Malgré ces lourdes pertes, le Bomber Command n'a été retiré du ciel allemand que lorsque le contrôle a été retiré au « Bomber » Harris au cours des mois précédant le jour J. Alors que les bombardiers lourds britanniques participent à la campagne contre les liaisons de communication en France, les unités de chasse de nuit allemandes se reposent et se renforcent. La confiance était élevée, mais avant la reprise de la campagne de bombardements lourds, la catastrophe a frappé.

Le 13 juillet 1944, un Ju 88G-1 a atterri à Woodbridge, dans l'Essex, après avoir suivi un cap compas réciproque lorsque l'équipage a mal lu sa boussole et volait vers le nord alors qu'il pensait voler vers le sud. L'avion capturé transportait des kits SN-2 et Flensburg. La RAF a pu modifier la longueur des bandes métalliques utilisées dans Window pour le rendre efficace contre le radar SN-2, et a simplement retiré le système Monica de leur avion.
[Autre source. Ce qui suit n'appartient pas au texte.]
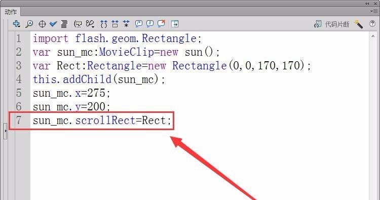 9、最后,設置滾動矩形區域,在舞臺僅顯示圖像Rect的四分之一,用scrollRect屬性實現操作。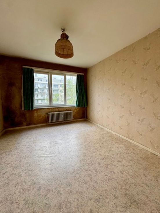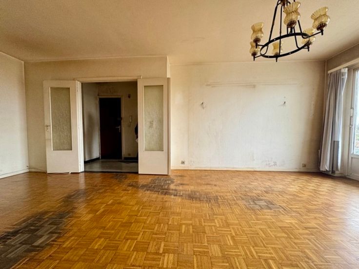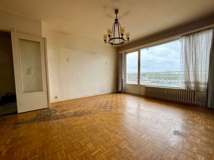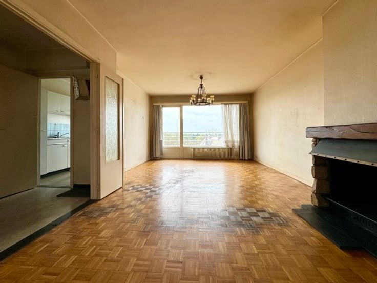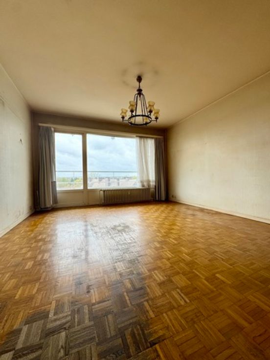 *** SOUS OPTION *** Myimmo vous propose ce spacieux et lumineux appartement situé au 6ème étage (Calme garanti) d'un immeuble se trouvant en retrait de la chaussée et offrant une superficie habitable de +/- 90m2. Il se compose d'un hall d'entrée avec placards, d'un lumineux séjour et salle à manger de +/- 30m2, d'une cuisine (dont le mur peut être abattu) de +/- 7m2, un hall de nuit, une grande chambre de +/- 13m2, une deuxième de +/- 9m2 communicant avec un bureau de +/- 7m2 (possibilité d'en faire une grande chambre), d'une salle de bains et d'une toilette séparée. L'appartement jouit d'une magnifique terrasse de +/- 9m2 offrant une vue dégagée et verdoyante. Possibilité garage de deux garages box (Supl. 30.000€). Appartement à rénover mais offrant un très beau potentiel. Nouvelle chaudière collective (PEB B!!). Proximité commerces, écoles (Lycée Francais), transports en commun,... A visiter sans tarder. D'autres biens disponibles sur www.myimmo.be

Lorsque la campagne de bombardement reprend dans la seconde moitié de 1944, les chasseurs de nuit allemands sont à nouveau presque aveuglés.

Bien que de nouveaux systèmes radar aient été introduits, les unités de chasse de nuit allemandes ont rapidement été touchées par une série de coups dont elles ne se sont jamais remises. L'invasion de la France et l'avancée des Alliés vers les Allemands ont vu une grande partie de leur réseau radar capturé. Les pénuries de carburant ont commencé à limiter le temps que les chasseurs de nuit pouvaient passer dans les airs. Alors que les chasseurs d'escorte américains commençaient à détruire les forces de chasse de jour de la Luftwaffe, les unités de chasse de nuit ont reçu l'ordre de se joindre au combat contre la 8th Air Force, subissant de lourdes pertes et réalisant peu. Au début de 1945, la Luftwaffe comptait encore 913 chasseurs de nuit en service. Début avril, ce chiffre avait été réduit à seulement 563, dont la plupart étaient dus à un manque de carburant.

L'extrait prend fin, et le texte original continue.